So it was with my recent return to the interview with Kirstin Valdez Quade (interviewed by Jeremiah Chamberlin, Issue #100, Fall 2017). Quade authored the prize-winning book of short stories, Night at the Fiestas and her work has been seen in “all the best places.”

Chamberlin commented on how Quade resists big epiphanies in her endings. “There are moments where the stories turn or shift,” he said, “but the characters don’t experience Joycean flashes of recognition.” Quade explained that she writes slowly, and it sometimes takes her “a long time to figure out what’s going to happen in a story.” She might write a long buildup, putting in lots of potential elements, in search of the one that will reveal what the story is truly about and therefore, how to end it. Ah. Like me, a pantser.

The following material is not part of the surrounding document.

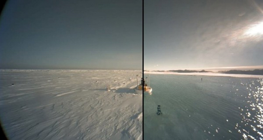 Kuzey Kutbu Çevresel Gözlemevi’nin Atlantic Wire’de yayınlanan rapor ve fotoğraflarına göre, kutuplarda iki hafta boyunca devam eden sıcak havalar yüzünden Temmuz başından itibaren eriyen buzullar göl oluşturmaya başladı.

Once she takes hold of her ending, the core of the story, she trims away what isn’t necessary and can “write toward the ending.” She also eliminates any unnecessary rambling that comes after the ending. Perhaps she’d heeding Chekhov’s advice “to cross out the beginning and the end” of a story,” as unnecessary warm-up and (one hopes) unnecessary explaining. This is an exercise that would have improved Donna Tartt’s The Goldfinch, in my opinion, but Chekhov said to do it because “it is there that we authors do most of our lying.” Eliminating the temptation of those further thoughts also prevents an overly neat-and-tidy resolution. Trust your reader to get it, he might have said.

The heart of the story may lie in the backstory, in an unworked-out thought or subconscious association that needs to come forward into greater prominence. During Quade’s revision process, she might list all the characters, settings, and objects she’s put into the story so far and see whether she should be doing more with some of them. “That will often help me find my ending.” Or at least get her closer to it. Those people, places, things are in there because they hold meaning, even if she hasn’t clearly identified what it is yet. It isn’t, perhaps, their surface meaning, but some significance for the characters.

I just read a fine story by Simon Bestwick, “If I Should Fall From Grace With God” (Crimewave 13), in which a man’s lover is murdered, her flat trashed, and all the cheap souvenirs she bought from second-hand shops smashed. He exacts revenge on the men responsible for her death, dropping a few bits of broken china or glass on their bodies—not because these fragments held meaning for him, but because they meant something to her. Memorable.